I am just feeling a little bit blue tonight. I was planning on going to the viewing tonight because I know it will be hectic during the morning getting everything ready for going to SLC afterward. But Garth was called to go to work taking tickets at the basketball game. I just don't understand why that is his responsibility to even be asked to do. I have to do "duty" time in elementary school. Why aren't the high school teachers expected to do it as their job? I just don't get it.
So I didn't get to go to the viewing because I didn't want to go alone. I just don't like to do that visiting alone. I feel so emotional and self-conscience about it. I know people say just going to visit is wonderful for the other people, but I have a difficult time doing it.

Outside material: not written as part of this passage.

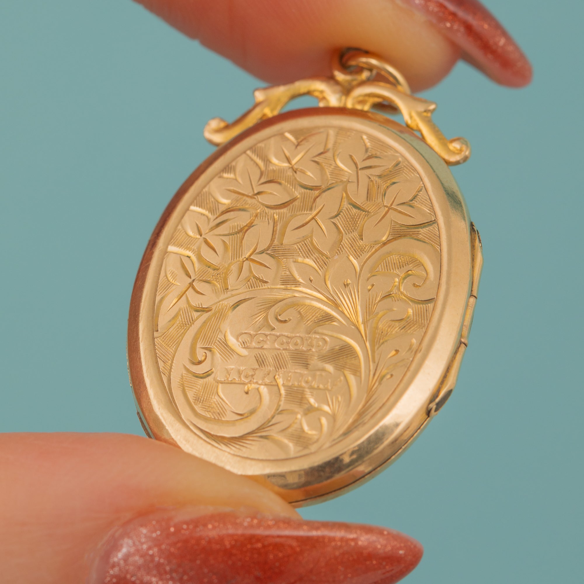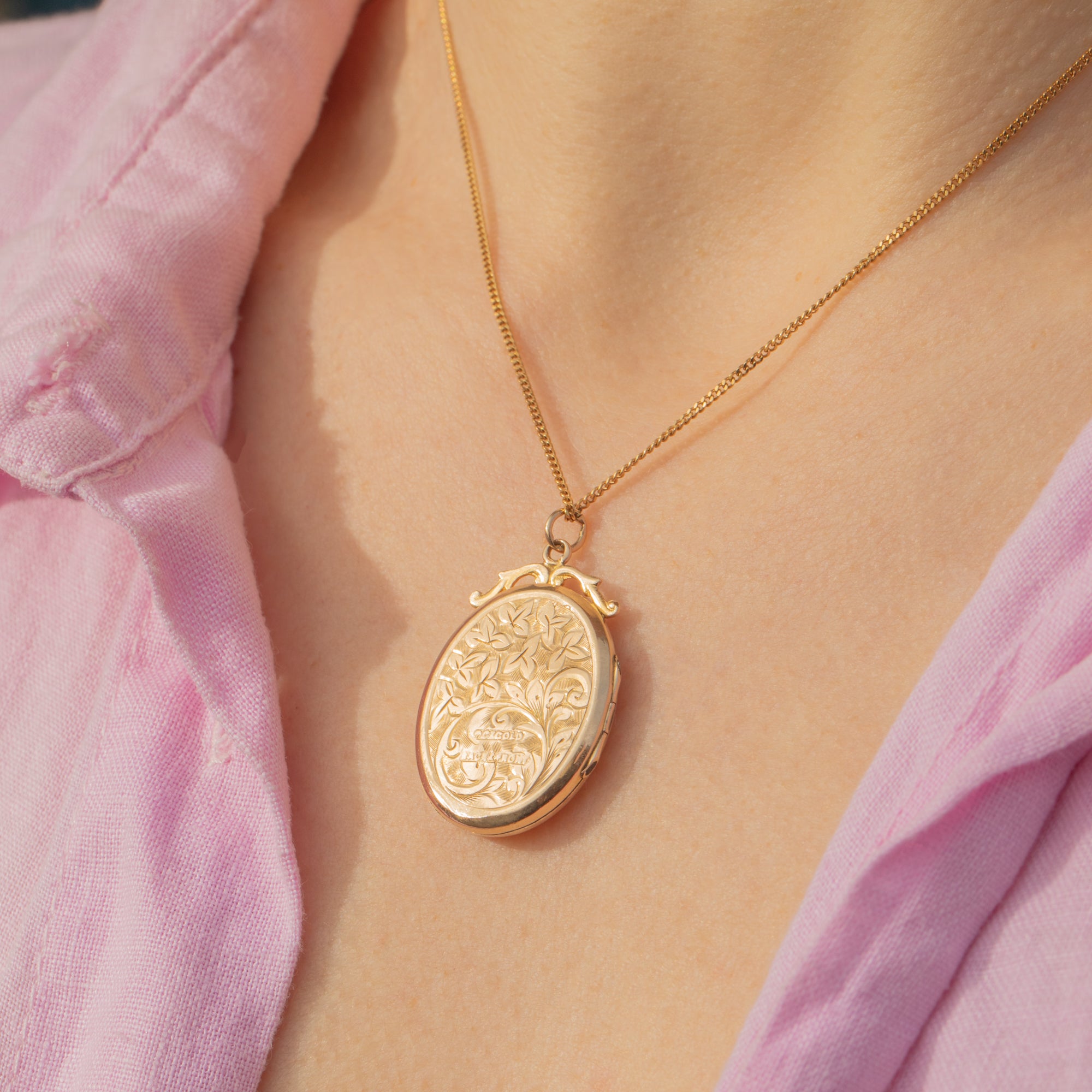 As though plucked straight out of a fairytale, this antique 9ct Gold engraved oval locket is dreamy! Luxurious 9ct Gold has been beautifully crafted to form this stunning locket, with floral acanthus leaf engravings spanning across both sides.

Another thing,...with all the snow and confusion it creates, and my duty schedule today, I totally spaced out ordering flowers for the funeral. So I am feeling bad about that.
Everyone went to the basketball game except me and Koy, which was fine because I wanted to get some laundry done so I had what I needed for the weekend. But one of these days I want to go somewhere I want to go. I didn't go to the Relief Society "get acquainted" party, or the RS Christmas party. We will be going to the high school faculty party, and my faculty party, that is if I get a second to go pick up some gifts. I don't even have time for that.
I haven't walked into a store to pick up even one Christmas gift, and I would like to get that even started. But then agian, I don't even know what I need to get. Since I hate shopping so much, maybe that is why I am procrastinating getting any shopping done.
I am looking forward to the day with all the kids tomorrow. I just hope we don't have any trouble getting up to SLC. I don't like to travel in a storm and that is what we have all the way up to the city.

So I am just feeling sorry for myself I guess. Hopefully I will be able to snap out of it soon.